Computes the shared secret from the private key and the other party's public key. See also public_key:compute_key/2

exor(Data1, Data2) -> Result

generate_key(Type, Params) -> {PublicKey, PrivKeyOut}
generate_key(Type, Params, PrivKeyIn) -> {PublicKey, PrivKeyOut}

Generates a public key of type Type . See also public_key:generate_key/1 . May throw exception an exception of class error : badarg : an argument is of wrong type or has an illegal value, low_entropy : the random generator failed due to lack of secure "randomness", computation_failed : the computation fails of another reason than low_entropy .

RSA key generation is only available if the runtime was built with dirty scheduler support. Otherwise, attempting to generate an RSA key will throw exception error:notsup .

Computes a message digest of type Type from Data .

May throw exception notsup in case the chosen Type is not supported by the underlying OpenSSL implementation.

hash_init(Type) -> Context

Initializes the context for streaming hash operations. Type determines which digest to use. The returned context should be used as argument to hash_update .

May throw exception notsup in case the chosen Type is not supported by the underlying OpenSSL implementation.

hash_update(Context, Data) -> NewContext

Updates the digest represented by Context using the given Data . Context must have been generated using hash_init or a previous call to this function. Data can be any length. NewContext must be passed into the next call to hash_update or hash_final .

hash_final(Context) -> Digest

Finalizes the hash operation referenced by Context returned from a previous call to hash_update . The size of Digest is determined by the type of hash function used to generate it.

hmac(Type, Key, Data) -> Mac
hmac(Type, Key, Data, MacLength) -> Mac

hmac_init(Type, Key) -> Context

hmac_update(Context, Data) -> NewContext

Updates the HMAC represented by Context using the given Data . Context must have been generated using an HMAC init function (such as hmac_init ). Data can be any length. NewContext must be passed into the next call to hmac_update or to one of the functions hmac_final and hmac_final_n

hmac_final(Context) -> Mac

hmac_final_n(Context, HashLen) -> Mac

cmac(Type, Key, Data) -> Mac
cmac(Type, Key, Data, MacLength) -> Mac

info_fips() -> Status

In FIPS mode all non-FIPS compliant algorithms are disabled and throw exception not_supported . Check supports that in FIPS mode returns the restricted list of available algorithms.

Provides the name and version of the libraries used by crypto.

Name is the name of the library. VerNum is the numeric version according to the library's own versioning scheme. VerStr contains a text variant of the version.

Returns the initialization vector to be used in the next iteration of encrypt/decrypt of type Type . Data is the encrypted data from the previous iteration step.
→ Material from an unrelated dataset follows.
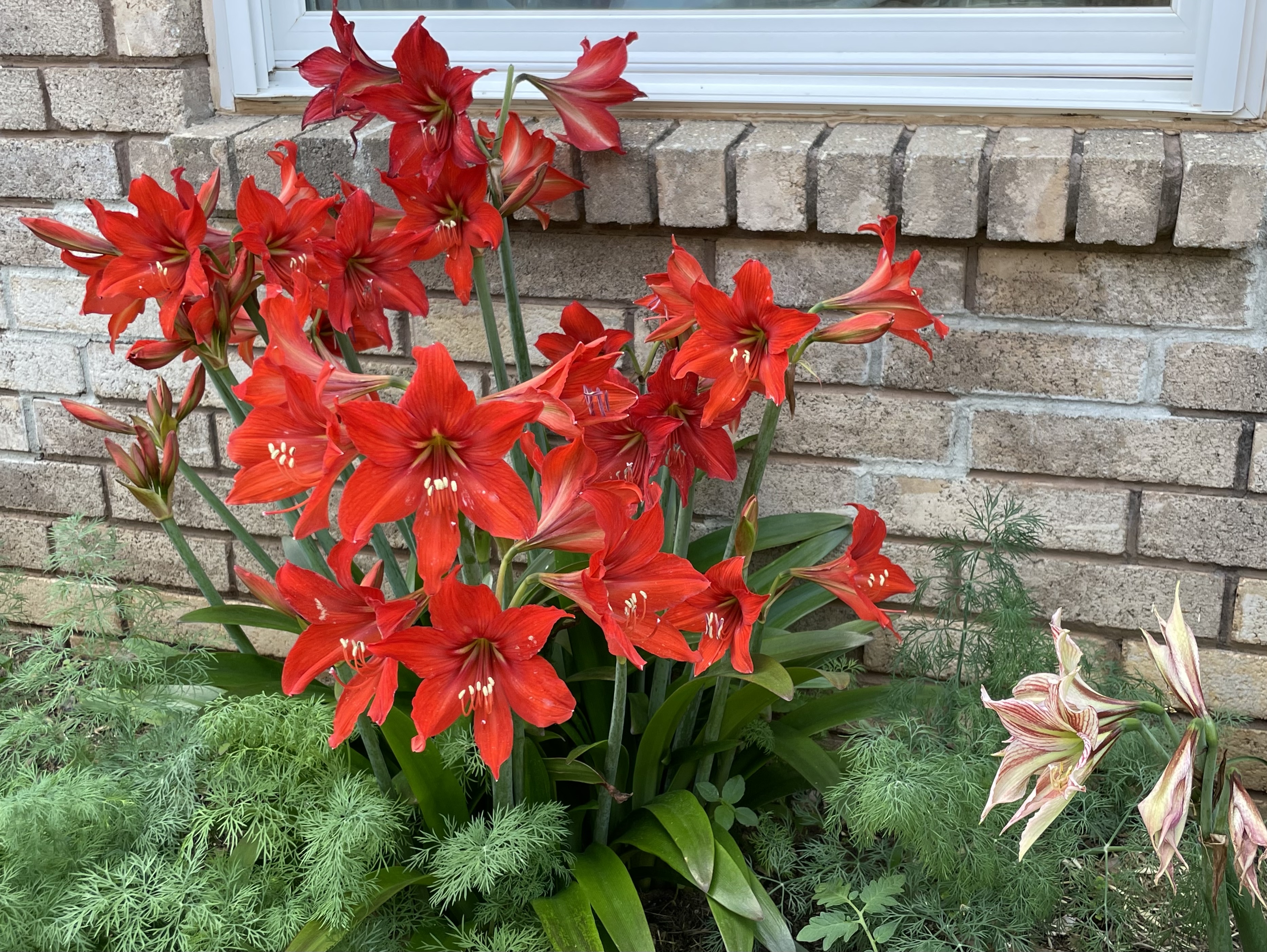 Чтобы ты сделала? Бейль, я чет совсем про них ничгео не знаю...они какие-то странные на вид  , куча какая-то (я про свой).Чем там Георгий вечно восторгается - мне не понятно. Но вкусы у каждого свои, да. Мне кажется. мой тоже как-то разваливался одно время, как будто что-то с ним было не тогось, сейчас собрался, плотный стоит. Поливаю без затей - как все. Но обычно сухой он, не залит. Я бы отсадила  Хотя. говоришь, они почвопокровники? тоись должен в ширину разрастаться? Тогда че...пусть растут, где растут...Не помогу я тебе с ними...  Фотка амариллисы пораспускались (там еще куча стрелок лезет,но первые уже начали отцветать, не знаю,лучше будет завтра,или хуже  так что вот… распустились… И зимостойкие мои тоже цветут
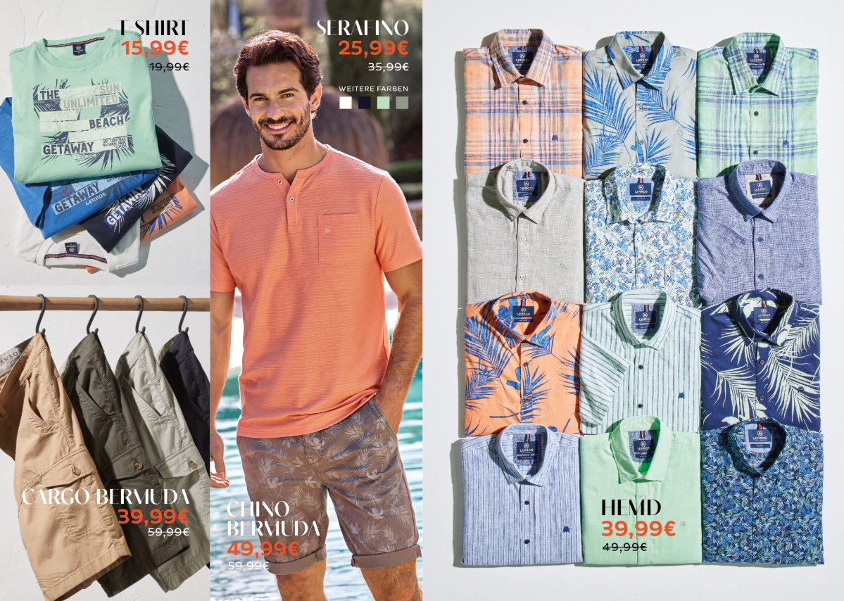 Entdecke atemberaubende Sommer–Outfits von LERROS, JACK & JONES, QS, CALAMAR, ETERNA, THE SURFCAR, MODE MONTE CARLO und S.OLIVER - jetzt zu unschlagbaren Preisen!

The IVec argument is only needed for des_cfb as the vector used in the previous iteration step.

private_decrypt(Type, CipherText, PrivateKey, Padding) -> PlainText

Decrypts the CipherText , encrypted with public_encrypt/4 (or equivalent function) using the PrivateKey , and returns the plaintext (message digest). This is a low level signature verification operation used for instance by older versions of the SSL protocol. See also public_key:decrypt_private/[2,3]
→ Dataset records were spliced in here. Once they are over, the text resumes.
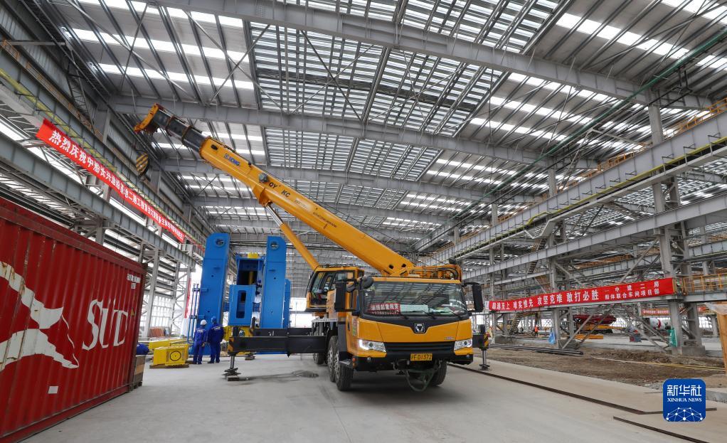 中船長(cháng)興造船基地二期工程船體聯(lián)合車(chē)間內首臺大型設備主體結構吊裝現場(chǎng)(10月31日攝)。
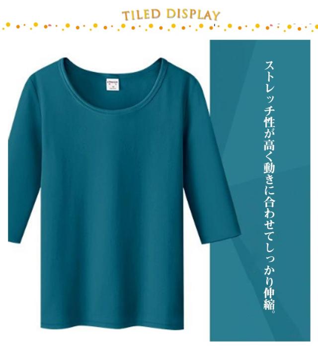 | 大人カジュアルな雰囲気の五分袖Tシャツ。 綺麗な鎖骨が見える大きめのUネック仕様♪ ストレッチ性が高く動きに合わせてしっかり伸縮。 豊富なサイズ展開で小柄さん・大柄さんでもあんしん! 春夏のトップスとしてはもちろん、インナーに着てレイヤードスタイルも楽しめ。 | |
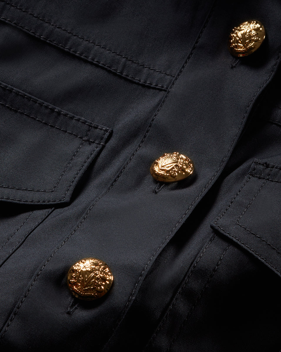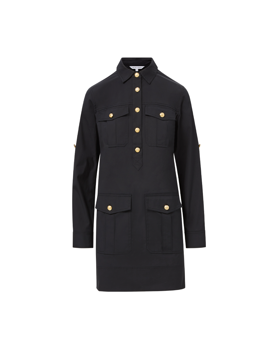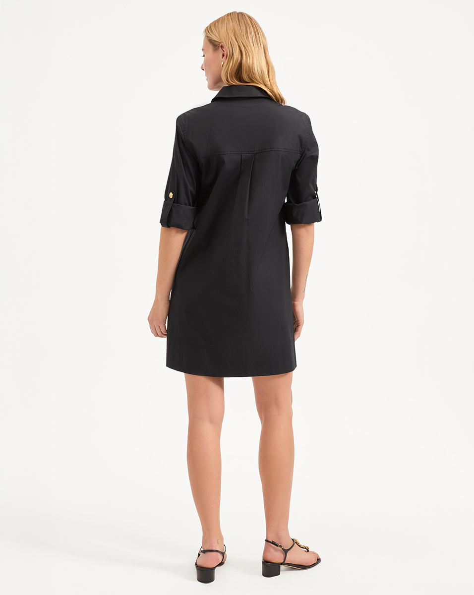 Utilitarian ease. Cut from stretch-cotton poplin, our Saude dress has a relaxed fit and a throw-on-and-go appeal. It’s finished with a neat collar, button-down placket and 4 patch pockets. Inner tabs inside the sleeves allow for easy rolling. In ultra-versatile black, this shirtdress can take your to work, to date night and everywhere between.

privkey_to_pubkey(Type, EnginePrivateKeyRef) -> PublicKey

private_encrypt(Type, PlainText, PrivateKey, Padding) -> CipherText

Encrypts the PlainText using the PrivateKey and returns the ciphertext. This is a low level signature operation used for instance by older versions of the SSL protocol. See also public_key:encrypt_private/[2,3]

public_decrypt(Type, CipherText, PublicKey, Padding) -> PlainText

Decrypts the CipherText , encrypted with private_encrypt/4 (or equivalent function) using the PrivateKey , and returns the plaintext (message digest). This is a low level signature verification operation used for instance by older versions of the SSL protocol. See also public_key:decrypt_public/[2,3]
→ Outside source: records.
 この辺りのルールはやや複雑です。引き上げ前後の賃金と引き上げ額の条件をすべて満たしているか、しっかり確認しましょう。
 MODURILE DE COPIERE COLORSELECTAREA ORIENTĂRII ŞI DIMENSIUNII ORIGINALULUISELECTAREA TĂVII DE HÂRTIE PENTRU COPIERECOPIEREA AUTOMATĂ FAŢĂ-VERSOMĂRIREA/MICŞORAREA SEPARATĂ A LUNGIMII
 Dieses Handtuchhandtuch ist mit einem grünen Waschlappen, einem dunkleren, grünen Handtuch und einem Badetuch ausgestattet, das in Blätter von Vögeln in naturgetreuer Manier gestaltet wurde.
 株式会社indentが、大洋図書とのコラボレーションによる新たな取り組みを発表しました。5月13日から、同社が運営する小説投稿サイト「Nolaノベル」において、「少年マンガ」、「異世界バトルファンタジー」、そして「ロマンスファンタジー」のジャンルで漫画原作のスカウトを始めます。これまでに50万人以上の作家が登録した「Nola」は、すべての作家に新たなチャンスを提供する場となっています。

public_encrypt(Type, PlainText, PublicKey, Padding) -> CipherText

Encrypts the PlainText (message digest) using the PublicKey and returns the CipherText . This is a low level signature operation used for instance by older versions of the SSL protocol. See also public_key:encrypt_public/[2,3]

rand_seed(Seed) -> ok

Set the seed for PRNG to the given binary. This calls the RAND_seed function from openssl. Only use this if the system you are running on does not have enough "randomness" built in. Normally this is when strong_rand_bytes/1 throws low_entropy

rand_uniform(Lo, Hi) -> N

sign(Algorithm, DigestType, Msg, Key) -> binary()
sign(Algorithm, DigestType, Msg, Key, Options) -> binary()

See also public_key:sign/3 .

start() -> ok

stop() -> ok

strong_rand_bytes(N) -> binary()

rand_seed() -> rand:state()

Example

rand_seed_s() -> rand:state()

stream_init(Type, Key) -> State

Initializes the state for use in RC4 stream encryption stream_encrypt and stream_decrypt

stream_init(Type, Key, IVec) -> State

Initializes the state for use in streaming AES encryption using Counter mode (CTR). Key is the AES key and must be either 128, 192, or 256 bits long. IVec is an arbitrary initializing vector of 128 bits (16 bytes). This state is for use with stream_encrypt and stream_decrypt .

stream_encrypt(State, PlainText) -> { NewState, CipherText}

Encrypts PlainText according to the stream cipher Type specified in stream_init/3. Text can be any number of bytes. The initial State is created using stream_init . NewState must be passed into the next call to stream_encrypt .

stream_decrypt(State, CipherText) -> { NewState, PlainText }

Decrypts CipherText according to the stream cipher Type specified in stream_init/3. PlainText can be any number of bytes. The initial State is created using stream_init . NewState must be passed into the next call to stream_decrypt .

supports() -> AlgorithmList

ec_curves() -> EllipticCurveList

ec_curve(NamedCurve) -> EllipticCurve

verify(Algorithm, DigestType, Msg, Signature, Key) -> boolean()
verify(Algorithm, DigestType, Msg, Signature, Key, Options) -> boolean()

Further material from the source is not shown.